→ **What you should do**: The listing below has to be output exactly as given, less its pictures.

→ **Recorded data**:
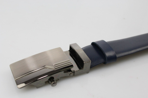 Pasek Męski Skórzany PAS-MAX (PL) Gładki Zaokrąglony Z Pełną Klamrą Automat Skóra Licowa 30 mm GRANATOWY Klamra Srebrna 39
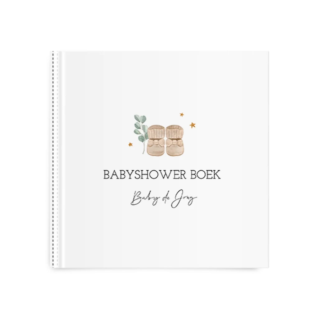 Laat je babyshower gasten een lief berichtje schrijven in dit mooie babyshower gastenboek! Je kunt de voor- en achterzijde geheel naar smaak bewerken in de online editor.
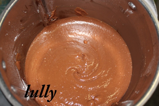 inserire il cioccolato a pezzi e tritare: 5 sec vel 7. aggiungere il burro al cioccolato e fondere: 4 minuti 50° vel 3. aprire il boccale e lasciar raffreddare per qualche minuto il composto.
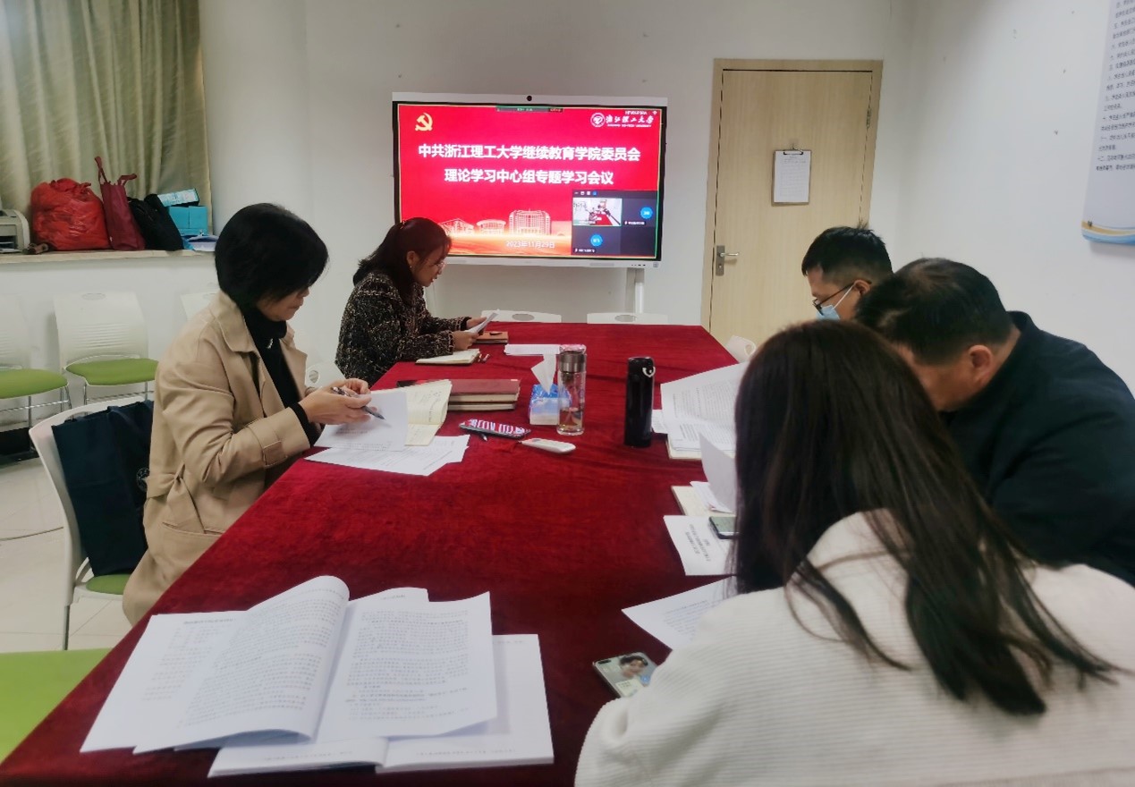 党委理论学习中心组成员陶炳增导学习近平总书记在中共中央政治局第九次集体学习时的重要讲话精神、习近平总书记重要文章《开辟马克思主义中国化时代化新境界》《中国式现代化面对面》等重要内容。他表示,要加强学习和理论探索,深入推进高等学历继续教育改革;要聚焦高质量发展,结合改革任务,加强过程管理,提高人才培养质量;要协同实干,用好共同体思维,为学校高质量发展贡献力量。

→ **Written response**:
 Pasek Męski Skórzany PAS-MAX (PL) Gładki Zaokrąglony Z Pełną Klamrą Automat Skóra Licowa 30 mm GRANATOWY Klamra Srebrna 39
 Laat je babyshower gasten een lief berichtje schrijven in dit mooie babyshower gastenboek! Je kunt de voor- en achterzijde geheel naar smaak bewerken in de online editor.
 inserire il cioccolato a pezzi e tritare: 5 sec vel 7. aggiungere il burro al cioccolato e fondere: 4 minuti 50° vel 3. aprire il boccale e lasciar raffreddare per qualche minuto il composto.
 党委理论学习中心组成员陶炳增导学习近平总书记在中共中央政治局第九次集体学习时的重要讲话精神、习近平总书记重要文章《开辟马克思主义中国化时代化新境界》《中国式现代化面对面》等重要内容。他表示,要加强学习和理论探索,深入推进高等学历继续教育改革;要聚焦高质量发展,结合改革任务,加强过程管理,提高人才培养质量;要协同实干,用好共同体思维,为学校高质量发展贡献力量。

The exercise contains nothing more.